I've never played a tourney with 2000 chips, but I love the idea.

I don't think this is necessarily true. I've never had a custom chipset made, so all my sets have a 500/1,000 progression, and I've never run into trouble with having to make a lot of change. Once the tournament gets to the point where the 500 chip is the lowest denomination, it's only used for blinds/antes, and by that time there should be plenty of them on the table because of the players already eliminated (unless you're starting out with 100/200 or 200/400 blinds or ridiculously deepstacked).

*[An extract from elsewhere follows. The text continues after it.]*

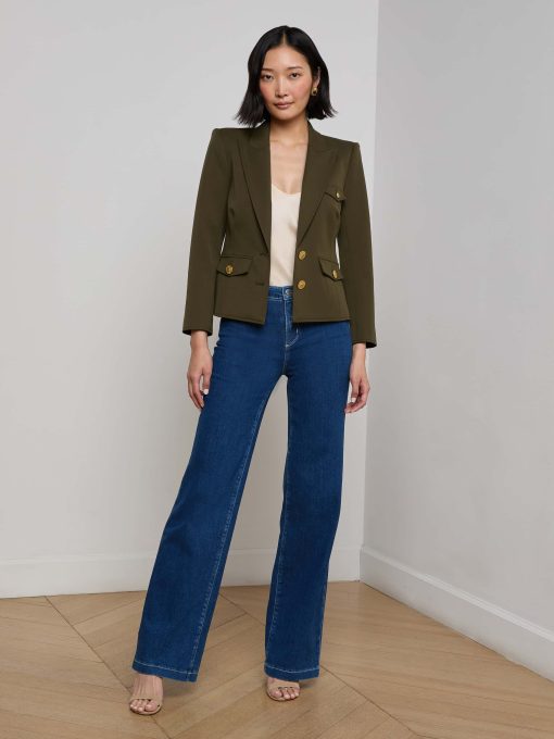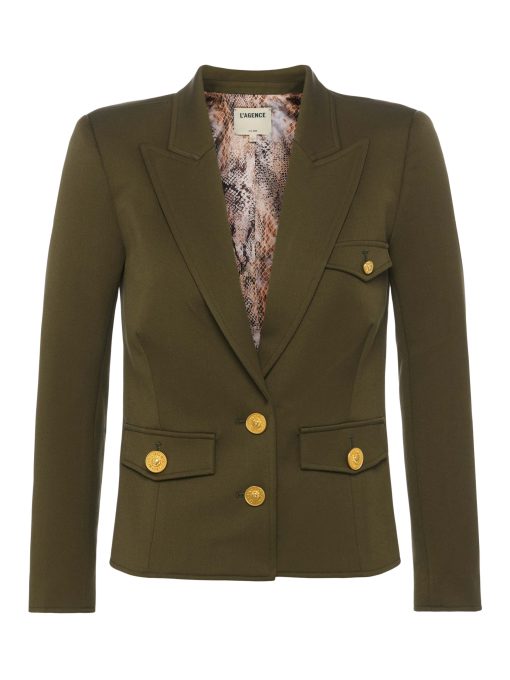 The essential single-breasted blazer, tailored to perfection. Designed with structured shoulders and a close, fitted cut, the Wylla blazer is a must-have for all seasons. Now in pine green with a snake print lining.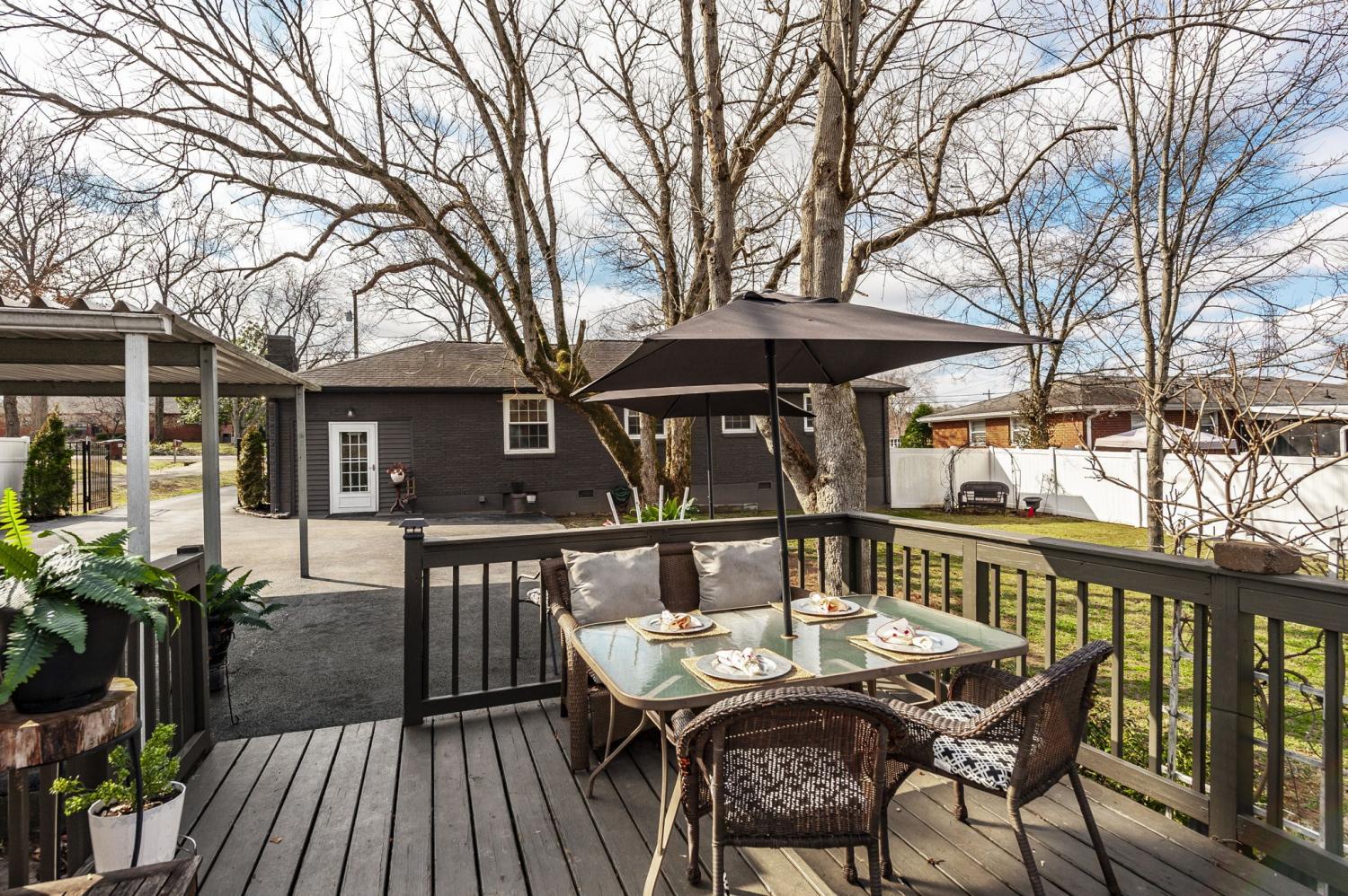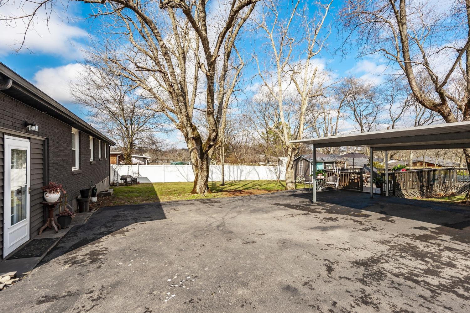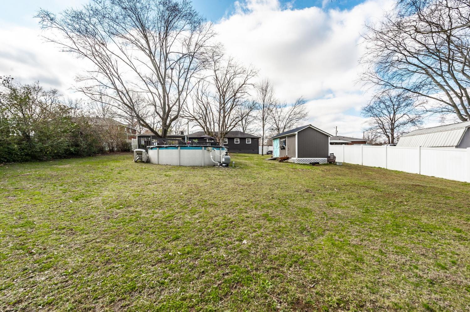 Welcome home to this beautifully updated brick ranch offering timeless curb appeal and thoughtful upgrades inside and out. With 3 bedrooms and 1 full bath, this move-in ready home blends classic charm with modern improvements, all set on a stunning 0.42-acre lot. From the moment you arrive, you’ll notice the attention to detail. The exterior features fresh house paint, custom designed and built shutters, and a custom mailbox that adds character and charm. A paved driveway leads to the carport for convenient covered parking. The property is fully fenced with a privacy fence and entry gate, creating a secure and peaceful backyard setting. A full home gutter guard system adds long-term value and low-maintenance protection. Step inside to a spacious living room filled with natural light — perfect for gathering or relaxing. The kitchen has been beautifully upgraded with granite countertops, a brick backsplash, and a custom designed and built hood that serves as a stunning focal point. LVT flooring flows through the kitchen and dining area, offering durability and style. The dining room can easily function as a flex space — ideal for a home office, playroom, or additional living area depending on your needs. A custom designed and built pantry provides exceptional storage, and the walk-in laundry room adds everyday convenience. Additional interior upgrades include hallway cove lighting and recessed lighting in the primary bedroom. Outdoor living is just as impressive. Enjoy the deck overlooking the backyard and cool off in the 18’ round above-ground pool — perfect for summer entertaining. Two storage buildings (16x20 and 10x12 with an added extension) provide incredible space for hobbies, tools, or workshop needs. Even the crawl space has been improved with updated ductwork, a vapor barrier with moisture sump pump, and humidifier vents — giving added peace of mind. This home truly offers comfort, function, and thoughtful upgrades at every turn.

Since the jump from 500 to 1,000 is so small you don't need that many 500 chips as the 1,000s are doing all the legwork. The WSOP gives out 12x T25, 12x T100, 3x T500, 12x T1,000, 3x T5,000 for the Main Event. If you look at the footage when the 500 chip is the lowest denomination you'll see people sitting with stacks of them, because by that time 90% of the players have already been eliminated.
 
Once the tournament gets to the point where the 500 chip is the lowest denomination, it's only used for blinds/antes...

While that's true, it's not somehow inherent in the nature of the 500/1000 progression... it's inherent in the fact that we choose the blind progression based on the available chips.

The standard blind progressions work well with 500/1000 because they are chosen with the 500/1000 in mind!

You really can make progressions that work well with any chips you actually choose. Whether or not your players will like and/or be comfortable with them is another matter, entirely!
 
Once the tournament gets to the point where the 500 chip is the lowest denomination, it's only used for blinds/antes, and by that time there should be plenty of them on the table because of the players already eliminated.

The WSOP gives out 12x T25, 12x T100, 3x T500, 12x T1,000, 3x T5,000 for the Main Event. If you look at the footage when the 500 chip is the lowest denomination you'll see people sitting with stacks of them, because by that time 90% of the players have already been eliminated.

However, ^that ^ has no bearing on home game tournaments, unless your home group crowd is much larger than mine.....

A ten-player tournament with 3x T500 chips per player results in only 30 total T500 chips in play.... certainly not "stacks" of them. Even a two-table event would only have 60 total.
 
While that's true, it's not somehow inherent in the nature of the 500/1000 progression... it's inherent in the fact that we choose the blind progression based on the available chips.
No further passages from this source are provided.